Becker's company was exhibiting April 7-8 at the Chicago Association of Direct Marketing's 51st Annual DM Days & Expo at Chicago's Navy Pier.

Major brands in telecommunications, consumer electronics and financial services are testing ShipShapes' new transparent plastic mailer. The company cannot disclose names at this stage of its clients' campaigns.

ShipShapes' forte is customized market mail, or pieces in all non-standard shapes and designs to gain the attention of the recipient. The company claims the perceived value of such mail is higher despite its costs. And the superior quality enables such mail to work for branding purposes.

“We're starting to see more high-value customers in automotive, telecom and pharmaceuticals,” Becker said. “Those are the ones we'd like to focus on right now.”

ShipShapes clients include Verizon, footwear cataloger Road Runner Sports, drug maker Genentech, Ford Motor Co.'s F-150 pickup truck co-branded with motorcycle giant Harley-Davidson and telecom firm TDS Metro.

Mailers from ShipShapes typically cost 80 cents to $1.50 per piece for printing, production and mailing. The expense has a reason. ShipShapes puts the customized mail pieces in a U.S. Postal Service Priority Mail box and ships them through the postal system to the local post office for carriers to distribute.

But, Becker admits, problems do arise. Take the mail piece for Ford's F-150 truck targeting its national retention file. The mailing required several isolated pieces to go to more local post offices nationwide than expected, which threatened to crash the allotted marketing budget.

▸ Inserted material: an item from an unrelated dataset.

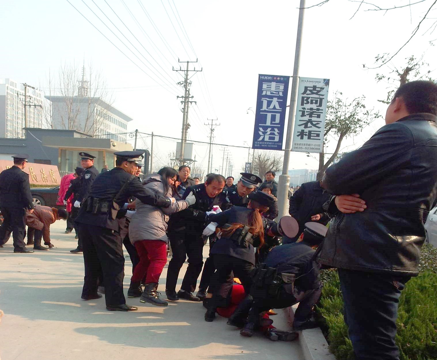 ![]() 第一次,三个警察把金勇大姐按倒在地企图强抢手机未遂。 |

So, 7 percent of the list had the ShipShapes mail piece shrink-wrapped to a backer board and mailed presort Standard.

“That portion of the mailing — the largest part of the drop-ship cost — now got back in line with the budget,” Becker said. “We're trying to help agencies budget for customized market mail.

“We can also work with their design team for the creative,” he said. “Because it's a premium product, we're trying to work with data companies or the internal tracking mechanisms within companies to track ROI.”

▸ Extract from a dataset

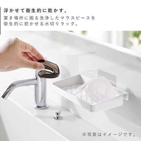 フィルムフックで簡単に取り付けできる、マウスピース水切りラックです。

Of course, more proactive action is ideal to avoid surprising clients with unexpected costs when using customized mail. ShipShapes prefers to have agencies submit the mailing list right after they call to inquire about a customized mail piece. This makes it easier to estimate overall costs.

Why is it tough for agencies to yield their mailing lists earlier in the process?

“What happens is a lot of times they want the freshest data or they're pitching something months prior to the campaign,” Becker said. “If the data is unknown, we can run analyze previous mailing lists to better estimate the overall postage costs.”